= Aim of the exercise =
For this exercise, output the entries below exactly from the line that holds "檢修動(dòng)火作業(yè)現(xiàn)場安全檢查對(duì)照表doc" to the line that holds "Sensory Busy Board", both ends included. No pictures belong in the copy.

= Source material =
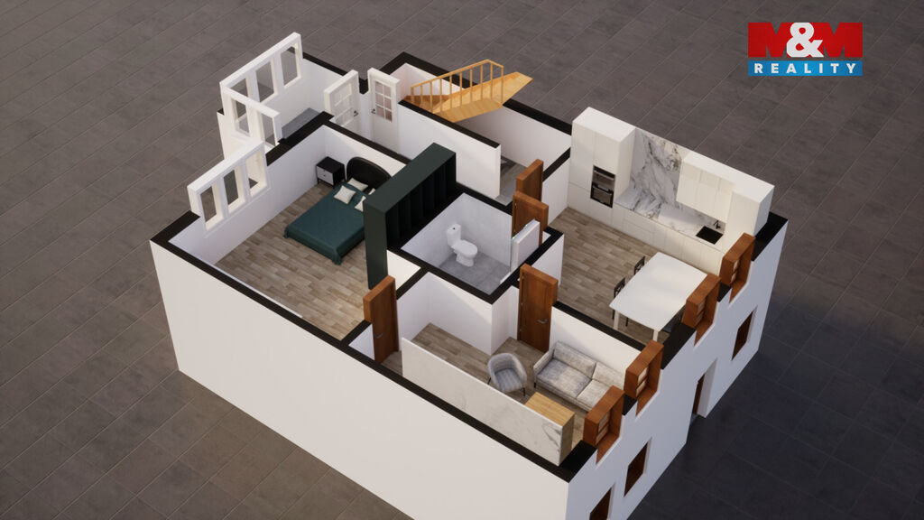 Součástí nabídky je i útulná zahrádka za domem s kůlnou na nářadí. Nechybí ani prostorný sklep s dostatkem úložného prostoru.
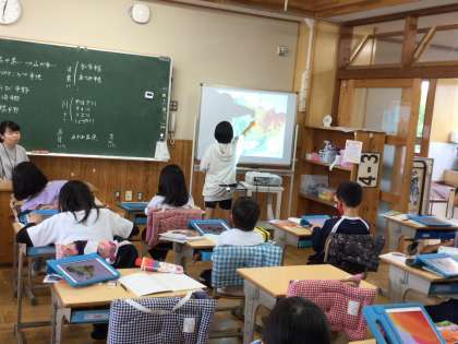 4年生の社会科の授業です。昨年度は豊田市のことを学習した子どもたち。今年度は愛知県について学ぶということを嬉しく思っているようです。愛知県の山や川などを地図を使って探していました。
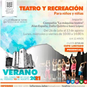 Como parte del programa de Cursos de Verano que ofrece el Instituto Potosino de Bellas Artes (IPBA) en su edición 2021, la Secretaría de Cultura de San Luis Potosí (SECULT), invita a conocer y ser parte de las actividades de teatro enfocadas para público de todas las edades y que se impartirán del 19 de julio al 13 de agosto.
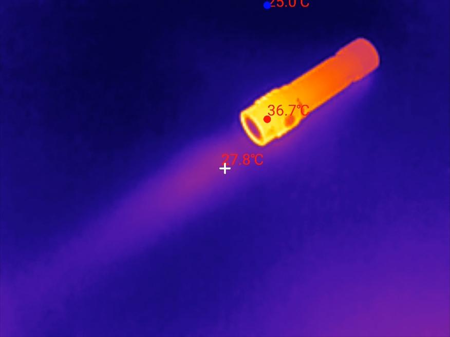 Однако на практике в Турбо-режиме фонарь способен работать около минуты, после чего температура его корпуса достигает примерно 40°C, и срабатывает термоконтроль. Данный механизм автоматически снижает яркость до уровня сильного режима, в котором фонарь продолжает функционировать. Термоконтроль необходим для предотвращения перегрева светодиода и его преждевременной деградации, учитывая высокую яркость фонаря и компактные размеры корпуса, выполняющего функцию теплоотвода.
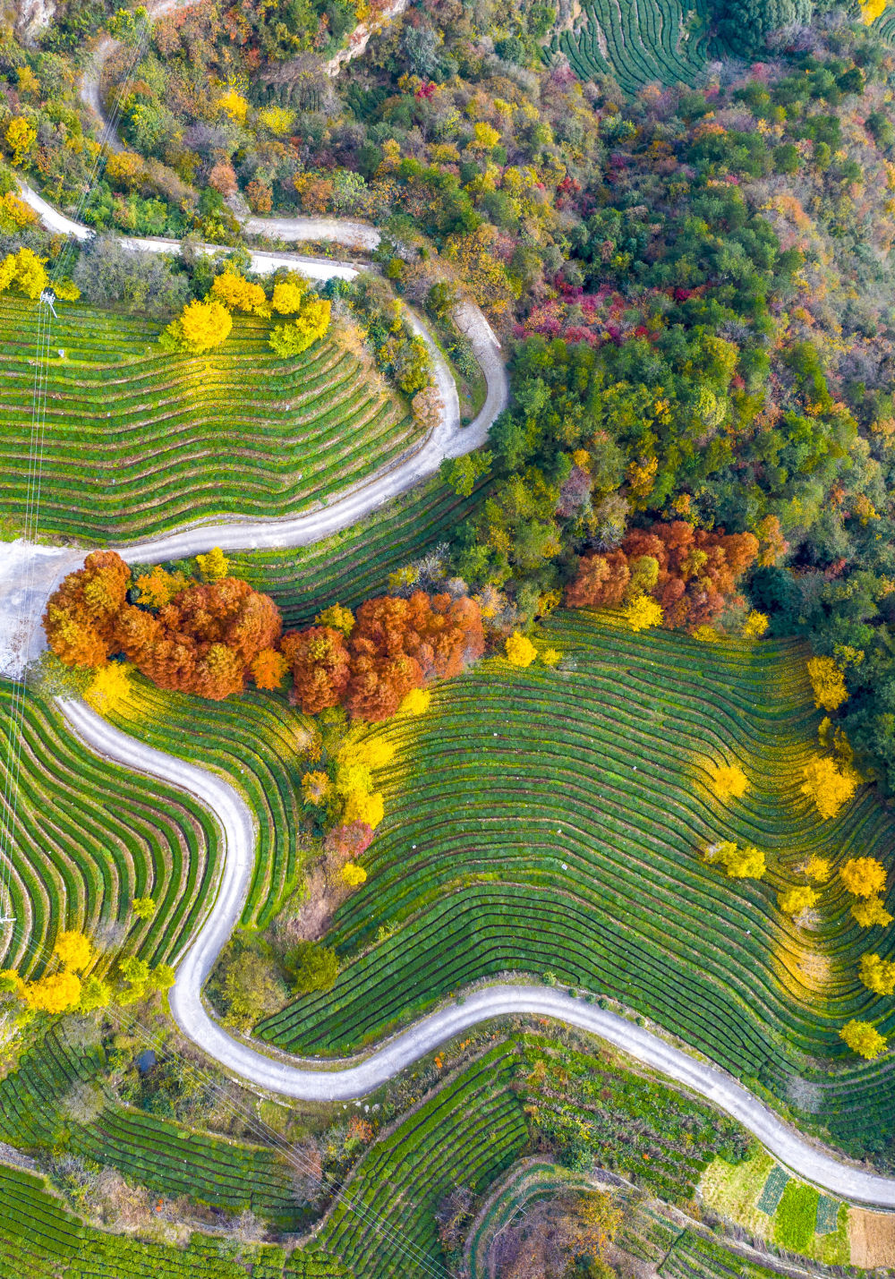 2023年11月24日在十堰市武当山旅游经济特区八仙观村拍摄的茶园(无人机照片)。
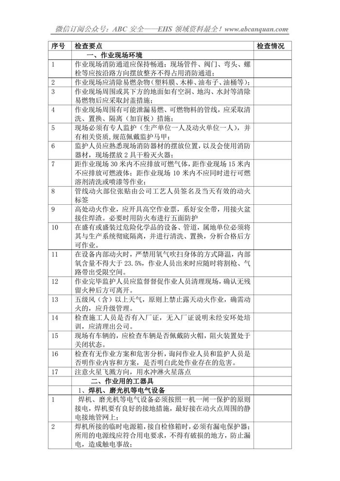 檢修動(dòng)火作業(yè)現(xiàn)場安全檢查對(duì)照表doc
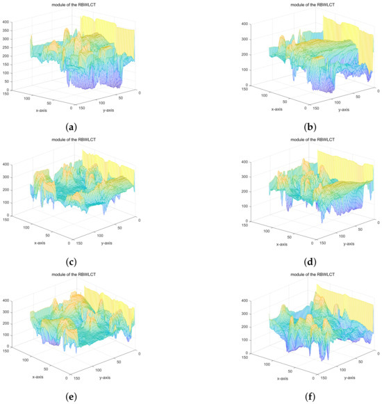 Part of the RBWLCT spectrum of color images. (a) window length ; (b) window length ; (c) window length ; (d) window length ; (e) window length ; (f) window length .
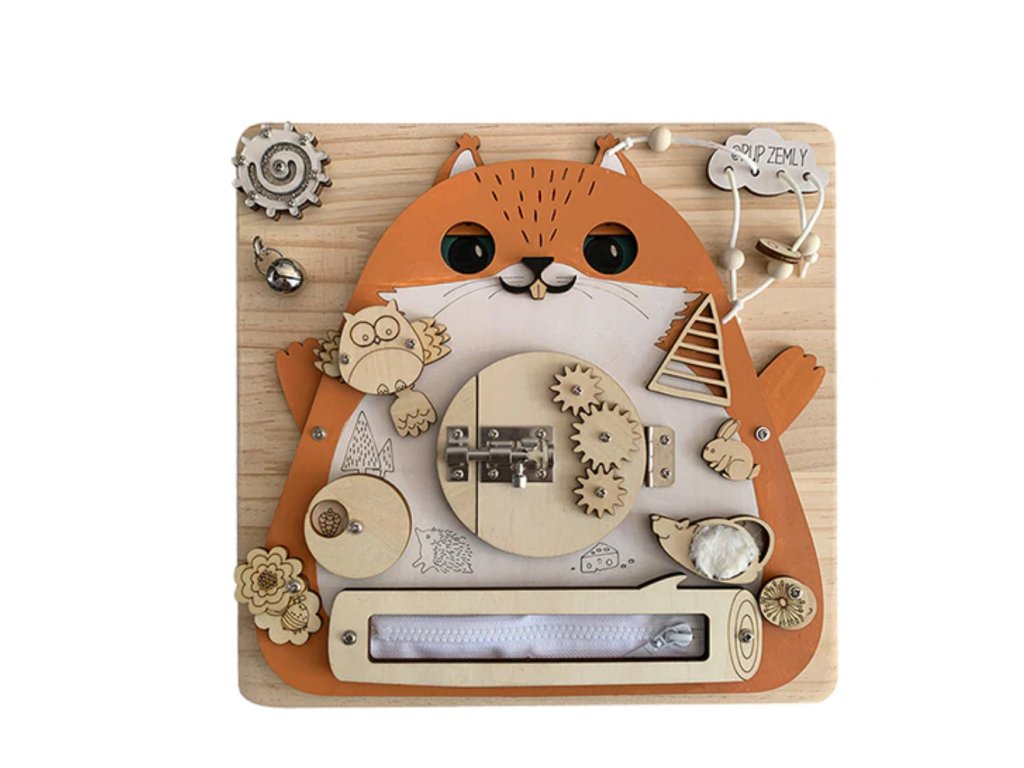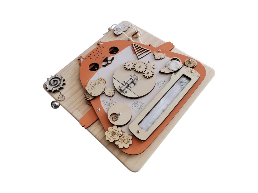 Sensory Busy Board je interaktivní hračka navržená tak, aby stimulovala hmatové vjemy a pomáhala rozvíjet jemné motorické dovednosti a koordinaci ruka-oko. Děti si mohou vyzkoušet zapínání, zapínání, šněrování boty, otáčení kol a další činnosti, které podporují jejich samostatnost a koncentraci. Každý prvek tabule nabízí zábavnou formu učení a zároveň zlepšuje sílu a obratnost prstů.
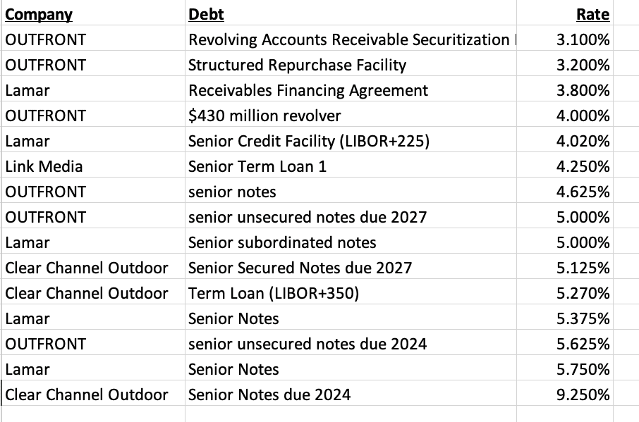 Insider thought you might want to see how this note issue stacks up with the senior debt of the other public out of home companies. As you can see from the debt table Clear Channel Outdoor has the most expensive debt because its leverage is well above Lamar or OUTFRONT. The higher priced debt also tends to have a longer maturity. Receivables based facilities and 1-2 year revolvers are the cheapest debt.
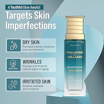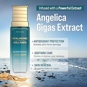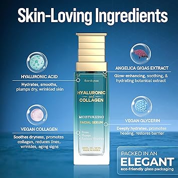 Fleur De Peau Hyaluronic Acid Serum For Face with Collagen - Dermatologist Tested, Anti-Aging, Ultra Hydrating, Firming, & Smoothing Korean Skin Care - 95% Natural, Clean Beauty, Vegan - 1.69 FL. Oz
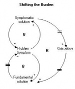 It is based on the archetype Fixes That Fail and it appear where short-term solutions are applied. Short-term solutions gradually lose their effect.
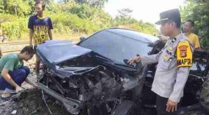 PRABUMULIH, KABAREMPATLAWANG.COM – Satu unit mobil Toyota Avanza Veloz tertemper kereta api
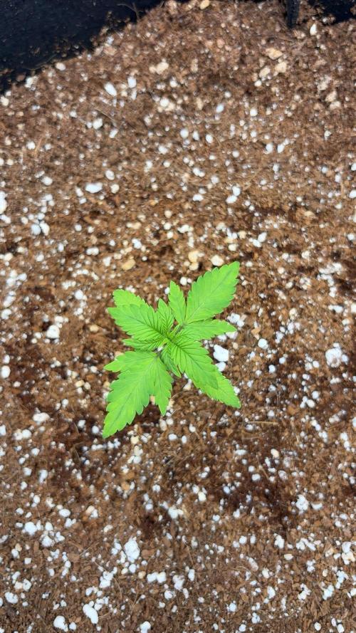 Hi guys, I planted my first photoperiod plant. Seed bank unknown, it was a gift (≈3-year-old seed). Setup: SF1000 at 80%, 24°C on / 20°C off, RH 65%, Lightmix + 5% perlite, transplanted recently into an 11L pot. After 4 weeks it’s very slow. I did LST yesterday but removed it
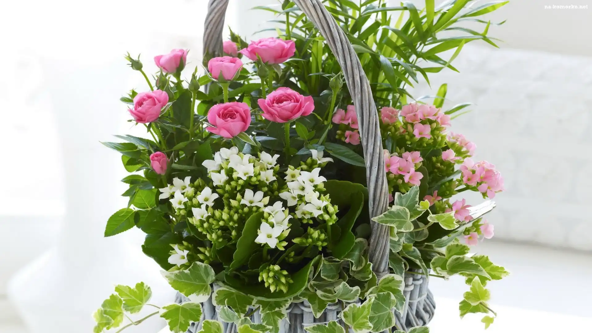 Różowe, Kwiatów, Kosz, Bluszcz, Kalanchoe, Róże na Komórkę

= Exercise answer =
 檢修動(dòng)火作業(yè)現(xiàn)場安全檢查對(duì)照表doc
 Part of the RBWLCT spectrum of color images. (a) window length ; (b) window length ; (c) window length ; (d) window length ; (e) window length ; (f) window length .
 Sensory Busy Board je interaktivní hračka navržená tak, aby stimulovala hmatové vjemy a pomáhala rozvíjet jemné motorické dovednosti a koordinaci ruka-oko. Děti si mohou vyzkoušet zapínání, zapínání, šněrování boty, otáčení kol a další činnosti, které podporují jejich samostatnost a koncentraci. Každý prvek tabule nabízí zábavnou formu učení a zároveň zlepšuje sílu a obratnost prstů.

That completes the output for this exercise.